28 avril 2019 – 835

MERCREDI.

Éphéméride.

À Edmond et Jules de Goncourt

“Croisset, 24 avril [1860]

Ci-inclus 1° une lettre pour M. Jules Cloquet; 2° une lettre pour le d[octeur] Dumont.

Je suis convaincu que ces deux Esculapes (style Prudhomme) vous recevront très bien.

De plus, j’ai parlé de vous au docteur Forget qui demeure rue de Trévise 8, 18 ou 28 ? (car j’ai perdu son adresse) et vous pouvez vous présenter chez lui, si vous n’obtenez pas, de mes deux amis, les renseignements désirables.

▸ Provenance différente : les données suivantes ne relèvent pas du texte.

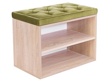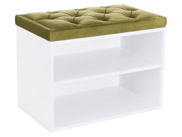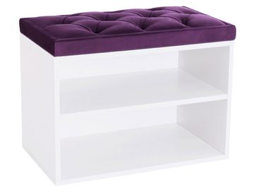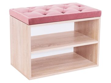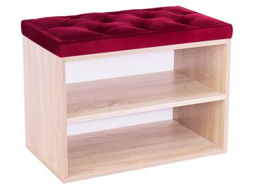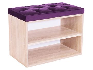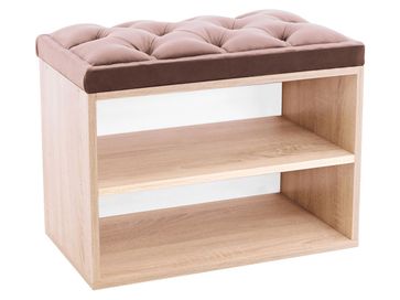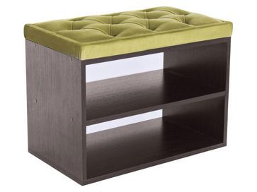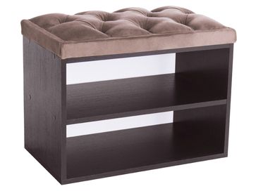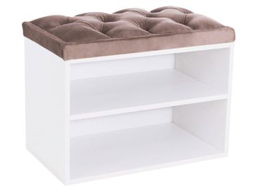 В корпусе расположены две открытые полочки для обуви. Обувница дополнена мягким сиденьем с каретной стяжкой. Обивка из микровелюра обладает повышенной износостойкостью и выдерживает до 60 тысяч циклов истирания.<br>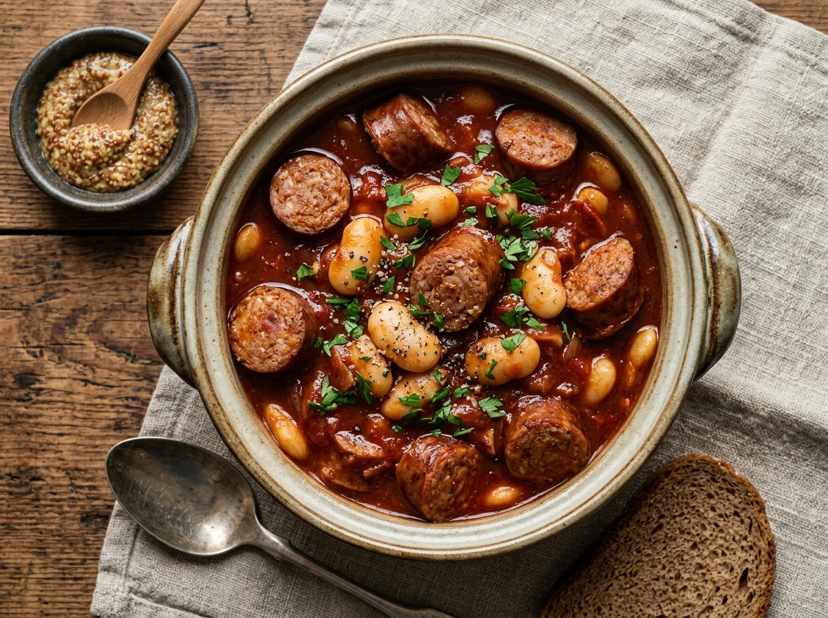 - Add the drained butter beans, 1 tbsp black treacle (or 1 tbsp brown sugar) and 1 tsp English mustard, stirring well.

Adieu, mille cordialités, bonne pioche et pas trop d’emmerdements.

À vous.

Dites-moi si vous avez besoin d’une lettre pour un médecin de l’hôpital Saint-Antoine.” (Gustave Flaubert, Correspondance)

VENDREDI.

Le cabinet de curiosités du notulographe. Reliques de saint Crépin en terre limousine, photos de l’auteur.

835-min  835 (6)-min

Guéret (Creuse), 25 juillet 2017 / Ussel (Corrèze), 29 juillet 2017

SAMEDI.

Films vus. L’Amour avec des si (Claude Lelouch, France, 1964)*

La Petite Prairie aux bouleaux (Marceline Loridan-Ivens, France – Allemagne – Pologne, 2003)

Douze hommes en colère (12 Angry Men, Sydney Lumet, – É.-U., 1957)

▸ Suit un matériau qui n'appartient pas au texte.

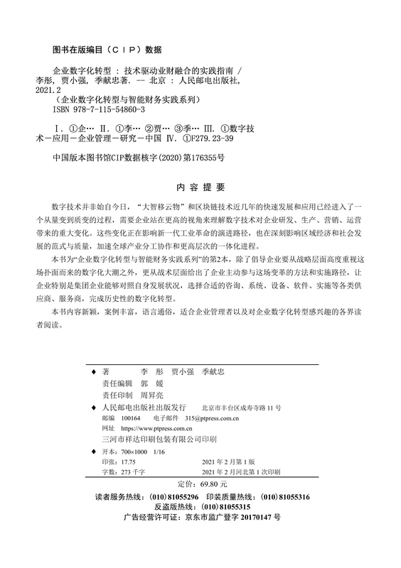 献忠企业管理者企业数字化转型感兴趣 正版 实践指南李彤贾小强季 企业数字化转型技术驱动业财融合 各界读者阅读参考使用 书籍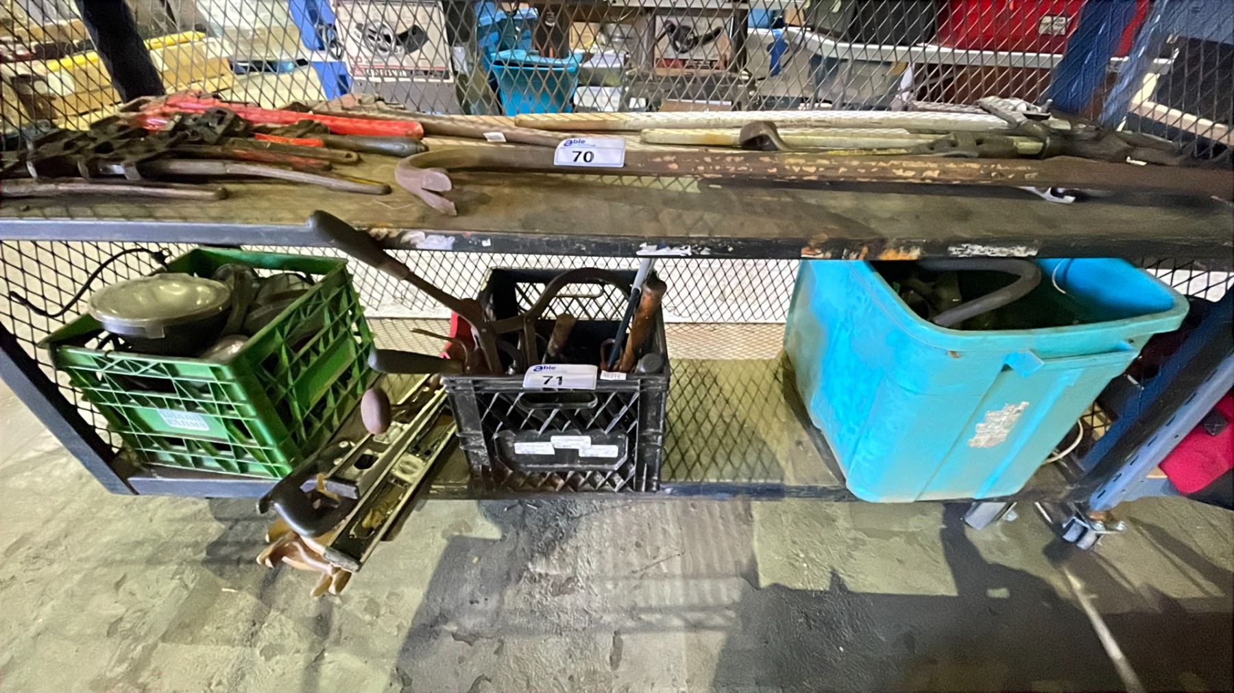 SHELF OF ASSORTED TOOLS INCLUDING; AUTOMOTIVE HEADLIGHTS, LEVELS, TIN SNIPS & MORE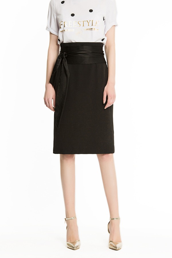 ZARA 黑色系带高腰直筒裙 1366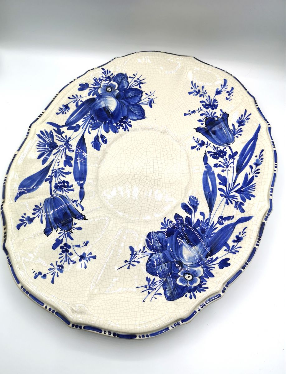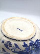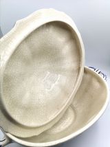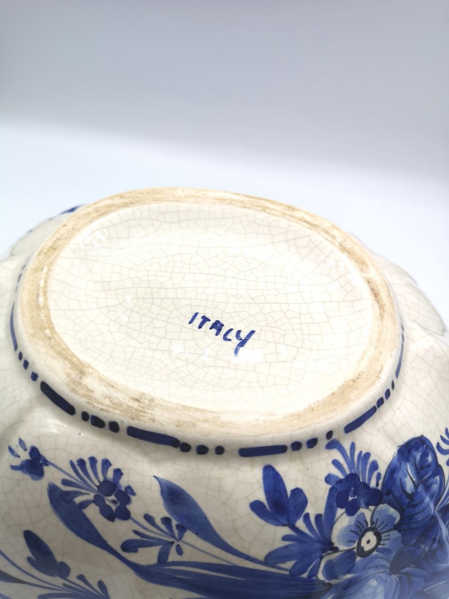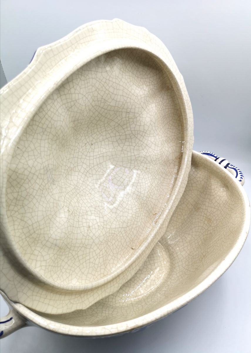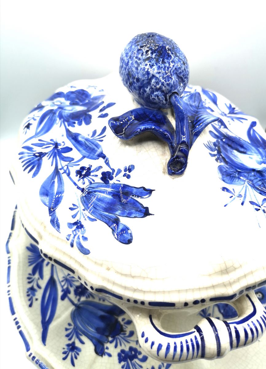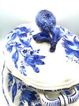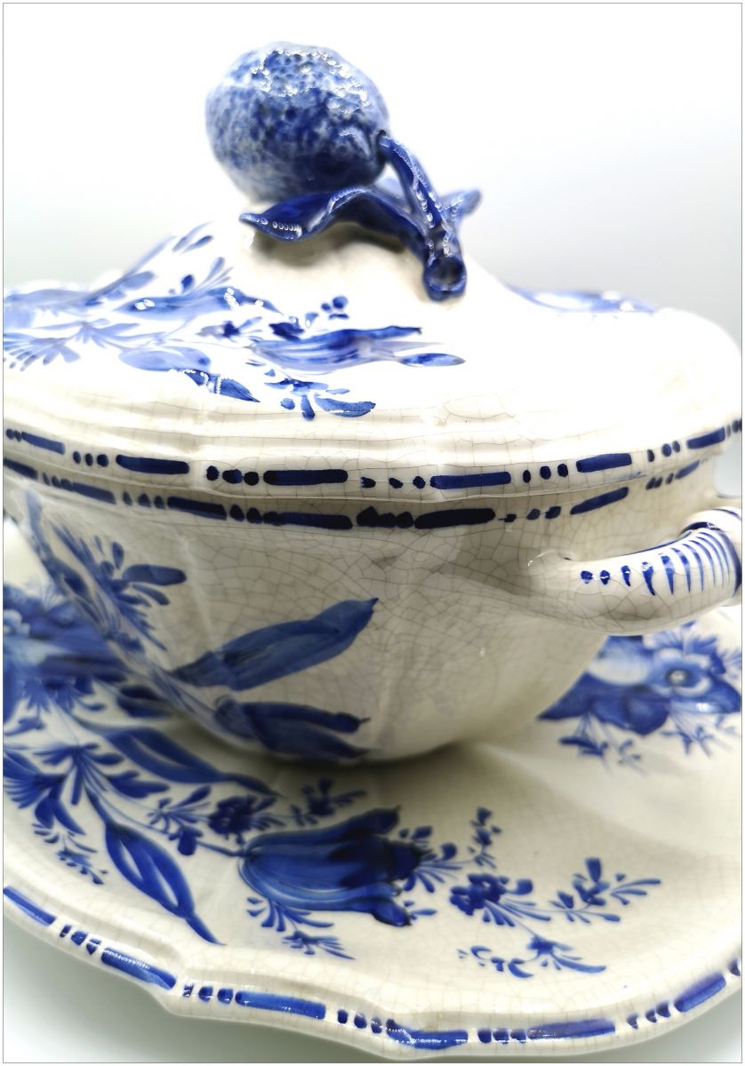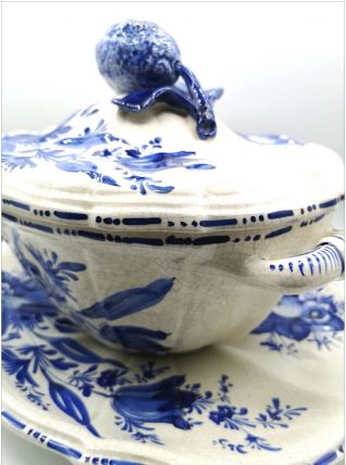 Grande soupière en céramique avec son plat assorti. Bleue et blanche, avec un citron en céramique en guise de poignée de couvercle, cette pièce n'est pas signée mais porte la mention Italy. Réalisée dans les années 60, cette céramique est assurément dans un esprit méditerranéenne, et trouverait sa place dans une maison de campagne ou une grande pièce lumineuse. Pourquoi pas détournée en grand vase pour recevoir une brassée de genêts ou mimosa.

La Tribu (Yves Boisset, France, 1991)

Le Voyage en douce (Michel Deville, France, 1980)

Le Fauve est lâché (Maurice Labro, France, 1959).

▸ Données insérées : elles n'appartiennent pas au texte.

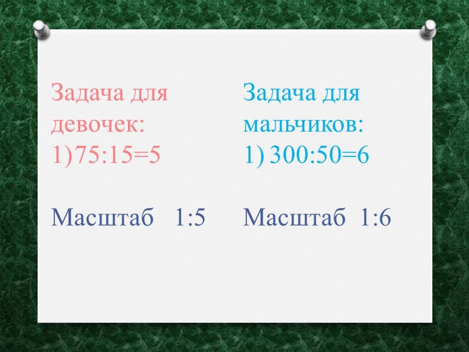 Задача №5 - для мальчиков: Длина детали 300 мм. Какой использовали масштаб, если на чертеже ее длина равна 50мм? (Слайд)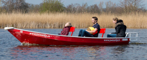 Elektrische motor met gasgever op de hendel welke je met 1 hand kan besturen, zowel met rechts als links. 2 houten bankjes met neerklapbare rugleuning. Vanaf €25,-- voor een uur (doordeweeks buiten hoogseizoen)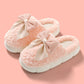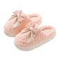 Pink Contrast Bowknot Applique Plush Winter Slippers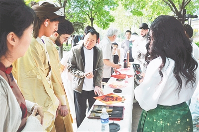 应留学生们的请求,陶秋阳和谢军伟在团扇、红纸上写下励志箴言,或者他们喜欢的字。大家纷纷表示,要好好珍藏这些书法作品,带回国送给亲人。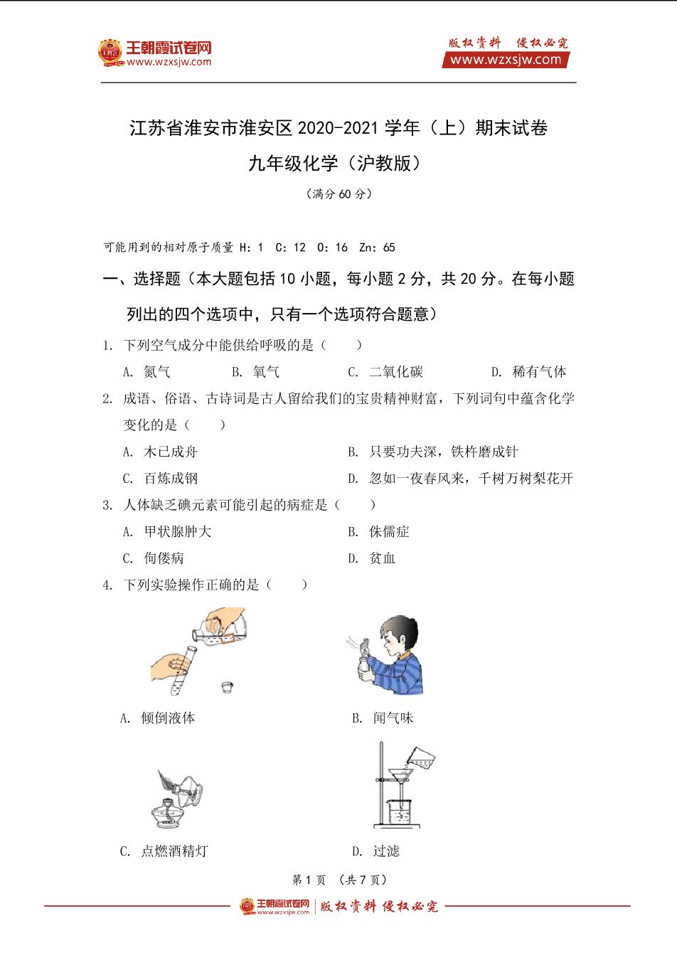 江苏省淮安市淮安区2020-2021学年九年级化学(上)期末试卷(沪教版)

* Où l’on peut voir, dans une courte séquence, I Brutos, groupe italien de comiques grimaçants au sein duquel officiait Aldo Maccione – sa célèbre démarche chaloupée faisait déjà partie du personnage. Maccione devait retrouver Lelouch quelques années plus tard dans L’Aventure c’est l’aventure.

Lecture. Les Enchanteurs (Romain Gary, Gallimard, 1973, rééd. in « Romain Gary – Émile Ajar, Légendes du je », Gallimard, coll. Quarto, édition établie et présentée par Mireille Sacotte; 1428 p., 29,90 €).

J’ai essayé de finir ce livre hier soir – ou plutôt ce matin – mais je revenais d’une java carabinée, les lignes dansaient la gigue, les mots disparaissaient et se mélangeaient sans prévenir. Je l’ai repris aujourd’hui. Une gueule de bois de plusieurs stères m’empêche d’en faire un compte rendu circonstancié. C’est en tout cas un livre magnifique, ce que Gary a fait de mieux au moins sous son nom.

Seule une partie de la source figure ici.